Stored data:
*** Begin section ***

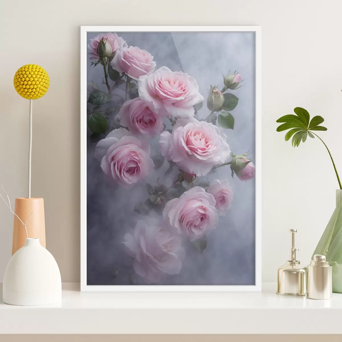 Poster Trandafiri roz moale în ceață cu frunze verzi Nr f44892
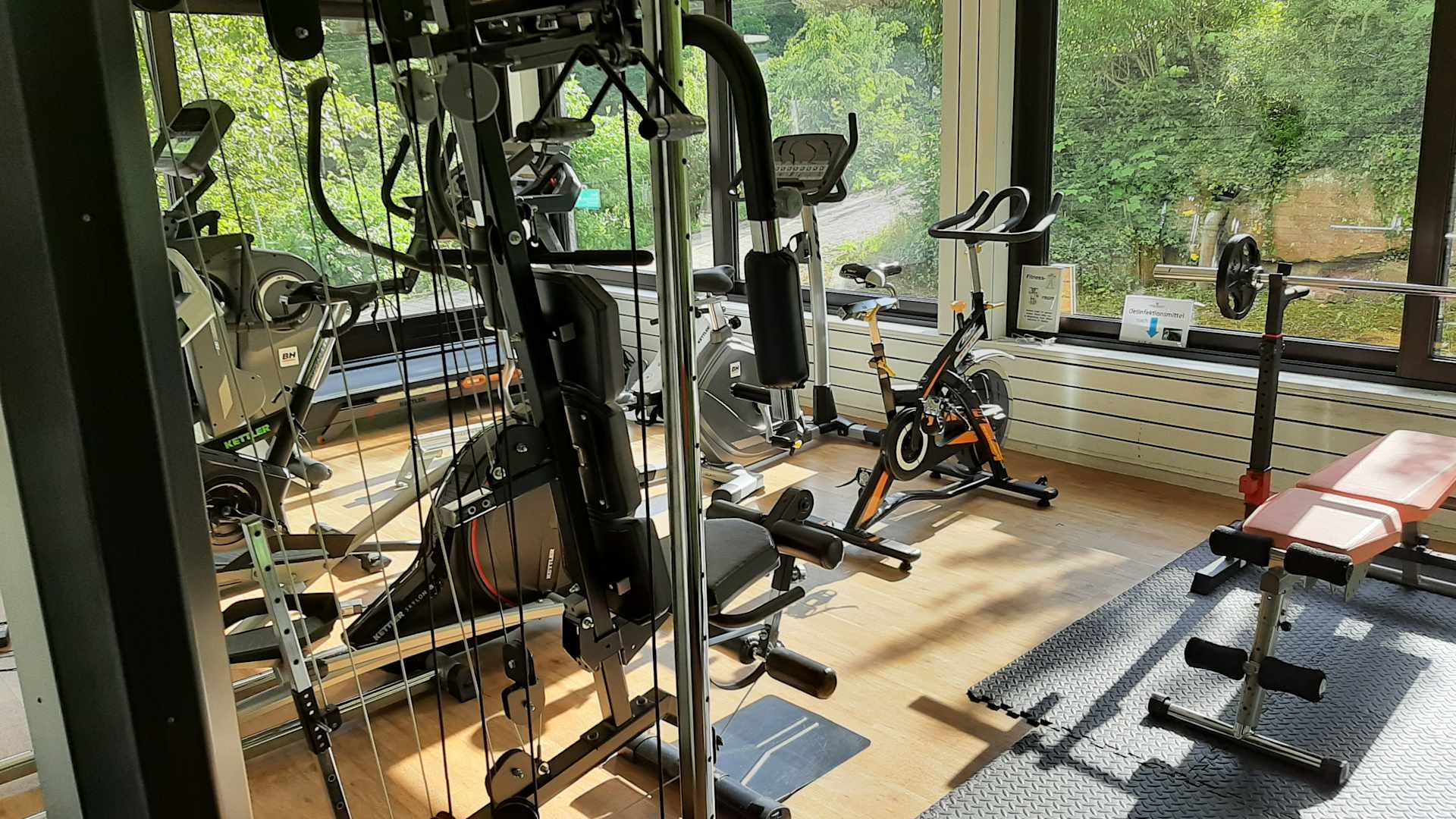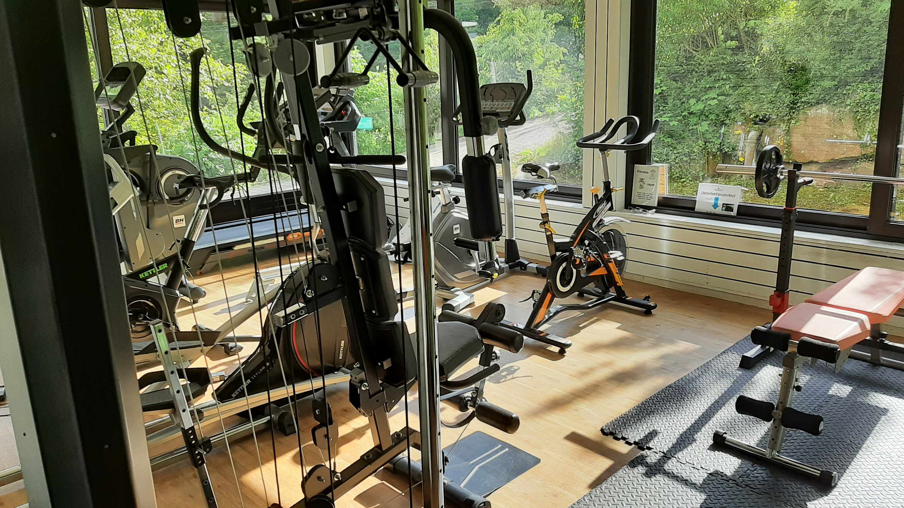 Die meisten Geräte defekt. Nach dem Hinweis an der Rezeption hiess es, der Hausmeister kommt irgendwann. Rudergerät defekt. Laufband defekt. Fahrrad ohne Display.
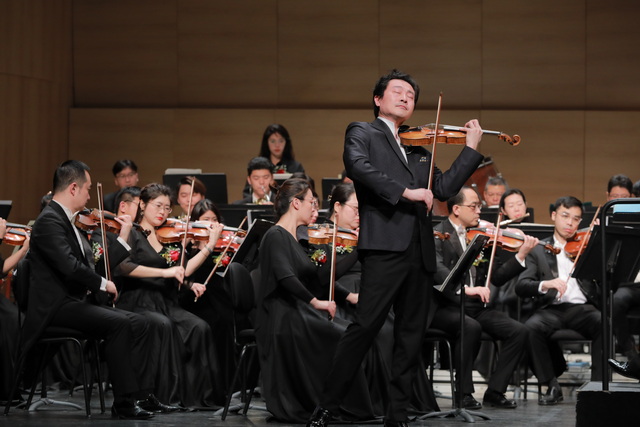 音樂會下半場,呂思清的登臺將現場氣氛推向高潮。作為當今樂壇最活躍、最知名的中國小提琴家之一,呂思清經常受邀與國內外著名樂團合作,將美妙琴音傳遍世界四十多個國家和地區的著名演出場所。此次攜手廈門愛樂樂團,他帶來小提琴協奏曲《梁祝》,經典旋律流淌而出,于深情處細膩委婉,于激憤處如泣如訴,把動人愛情演奏得蕩氣回腸。一曲終了,全場爆發出經久不息的掌聲。受現場熱情感染,呂思清兩度返場,加演了《陽光照耀著塔什庫爾干》《沉思》兩首曲目,將節日的歡愉和新年的祝福送給廈門聽眾。
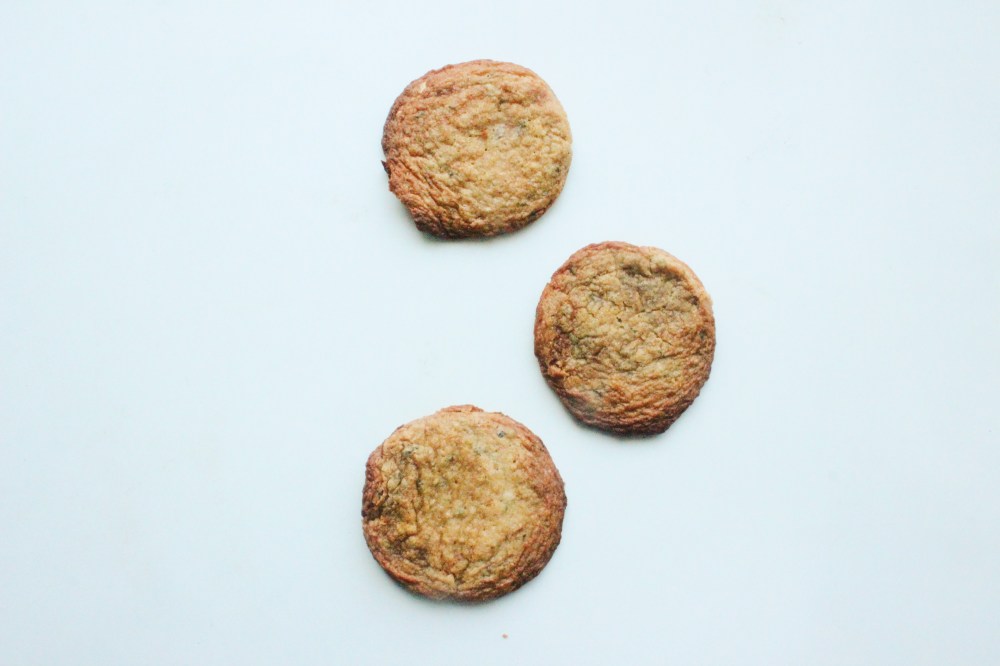 For the cookies themselves, I went with a decent amount of dark brown sugar, just to sort of effect the caramel-like flavors from the furikake Chex Mix. I also used soy sauce as a further nod to that, in place of salt. The furikake is added at the end(I made sure to read the label on my furikake before adding it in, since that is the absolute safest way to guarantee you are not adding fish flakes into your dough), just to keep the seaweed from going completely soggy. Even though this recipe sounds hella weird(because the idea of putting seaweed into cookies sounds super wrong), I swear it tastes delicious. The soy sauce is really there to add salt in place of actual salt, while it works well with the brown sugar, creating an almost instant-caramel situation in the dough without having to go through the trouble of making and blending caramel into a cookie dough to get the same end-result! Between the dark brown sugar, soy, and furikake, you have a pleasant smokiness, almost caramel-like notes, and the occasional crunch of a sesame seed, all in a super buttery cookie. You don’t really get any funky or super-savory flavors in it at all, and that just makes it all the more palatable as a dessert! I am sure if you have had either a seaweed-sesame egg waffle or furikake Chex Mix, these cookies would hit on both of those nostalgia points really well, and you could totally get your fix of either off of a batch of these!
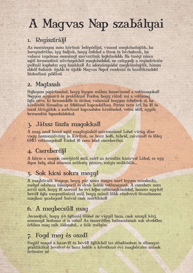 A Kecskeméti Magvas Nap fő célja, hogy a mezőgazdasági önrendelkezést, a bio termelést erősítsük. A tájhoz régóta alkalmazkodott növények jóval nagyobb sikerrel termeszthetők vegyszermentesen, mint a manapság divatos ipari fajták, melyek javarészt külföldi nemesítői munka eredményei. A boltokban kapható vetőmagok nagy százaléka néhány multi kezében van, s mivel kevés kivétellel mind hibrid, ezért minden évben újra és újra meg kell őket vásárolni - ez a kiszolgáltatott helyzet számunkra nyugtalanító. A kertészek ma már nem ismerik azokat az egyszerű fortélyokat, melyek segítségével őseink gondoskodtak a megfelelő saját vetőmagról. Éppen ezért arra szerettünk volna lehetőséget teremteni, hogy bárki szabadon cserélgesse a jól bevált tájfajtákat, illetve tudást szerezhessen a témában, s tapasztalatokat gyűjthessen, ismerkedhessen hasonszőrűekkel. Ezt szolgálja minden év telén a Magvas Nap eseménye.
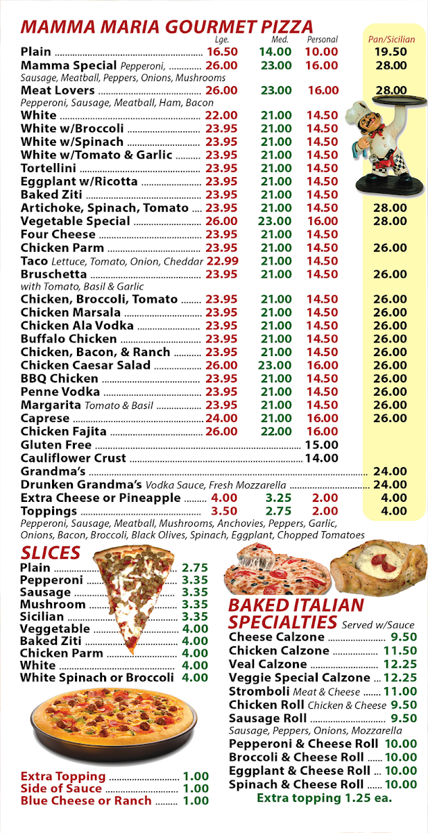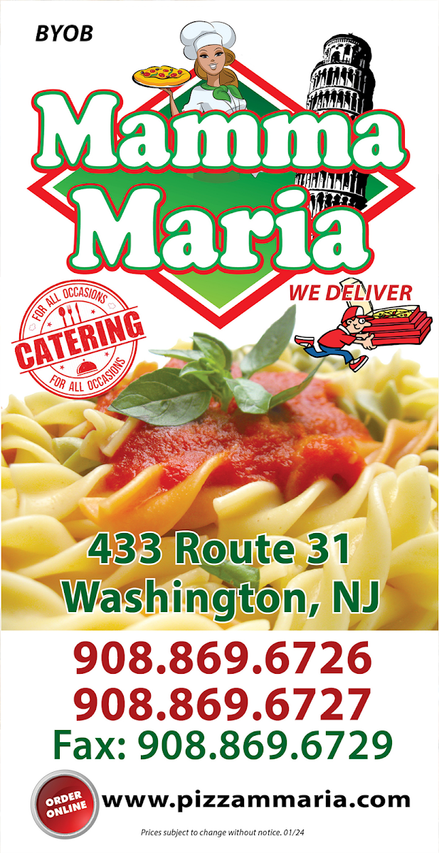 When you walk into Mamma Maria Pizza in Washington Twp, NJ, you’re in for a treat that feels just like home. The Mamma Maria Pizza Menu offers a variety of mouth-watering options, perfect for any pizza lover or anyone craving something a little different. Whether you’re in the mood for a classic Margherita pizza, a deliciously cheesy slice of four-cheese heaven, or something with a little more flair like their pepperoni or sausage pizza, there’s no shortage of choices. If you're not feeling pizza, they also serve a range of hearty pastas, fresh salads, and tempting appetizers that pair beautifully with their variety of beverages. The flavors are rich, the ingredients fresh, and every dish prepared with care. For a cozy meal that hits the spot every time, this menu is exactly what you need! Whether you're grabbing a quick bite or enjoying a meal with friends and family, there's something for everyone here at Mamma Maria’s.
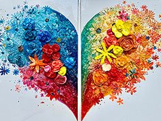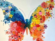 A vibrant butterfly, heart & tree art paintings, composed of intricate floral elements, blending vivid blues, pinks, oranges, and yellows. This artwork bursts with texture, color, and movement, symbolizing transformation, joy, and the beauty of nature in full bloom.

*** End section ***

EXERCISE:
Return nothing but the lines running from the start of the data to the line with "For the cookies", please, both ends included and no pictures.

EXERCISE OUTPUT:
 Poster Trandafiri roz moale în ceață cu frunze verzi Nr f44892
 Die meisten Geräte defekt. Nach dem Hinweis an der Rezeption hiess es, der Hausmeister kommt irgendwann. Rudergerät defekt. Laufband defekt. Fahrrad ohne Display.
 音樂會下半場,呂思清的登臺將現場氣氛推向高潮。作為當今樂壇最活躍、最知名的中國小提琴家之一,呂思清經常受邀與國內外著名樂團合作,將美妙琴音傳遍世界四十多個國家和地區的著名演出場所。此次攜手廈門愛樂樂團,他帶來小提琴協奏曲《梁祝》,經典旋律流淌而出,于深情處細膩委婉,于激憤處如泣如訴,把動人愛情演奏得蕩氣回腸。一曲終了,全場爆發出經久不息的掌聲。受現場熱情感染,呂思清兩度返場,加演了《陽光照耀著塔什庫爾干》《沉思》兩首曲目,將節日的歡愉和新年的祝福送給廈門聽眾。
 For the cookies themselves, I went with a decent amount of dark brown sugar, just to sort of effect the caramel-like flavors from the furikake Chex Mix. I also used soy sauce as a further nod to that, in place of salt. The furikake is added at the end(I made sure to read the label on my furikake before adding it in, since that is the absolute safest way to guarantee you are not adding fish flakes into your dough), just to keep the seaweed from going completely soggy. Even though this recipe sounds hella weird(because the idea of putting seaweed into cookies sounds super wrong), I swear it tastes delicious. The soy sauce is really there to add salt in place of actual salt, while it works well with the brown sugar, creating an almost instant-caramel situation in the dough without having to go through the trouble of making and blending caramel into a cookie dough to get the same end-result! Between the dark brown sugar, soy, and furikake, you have a pleasant smokiness, almost caramel-like notes, and the occasional crunch of a sesame seed, all in a super buttery cookie. You don’t really get any funky or super-savory flavors in it at all, and that just makes it all the more palatable as a dessert! I am sure if you have had either a seaweed-sesame egg waffle or furikake Chex Mix, these cookies would hit on both of those nostalgia points really well, and you could totally get your fix of either off of a batch of these!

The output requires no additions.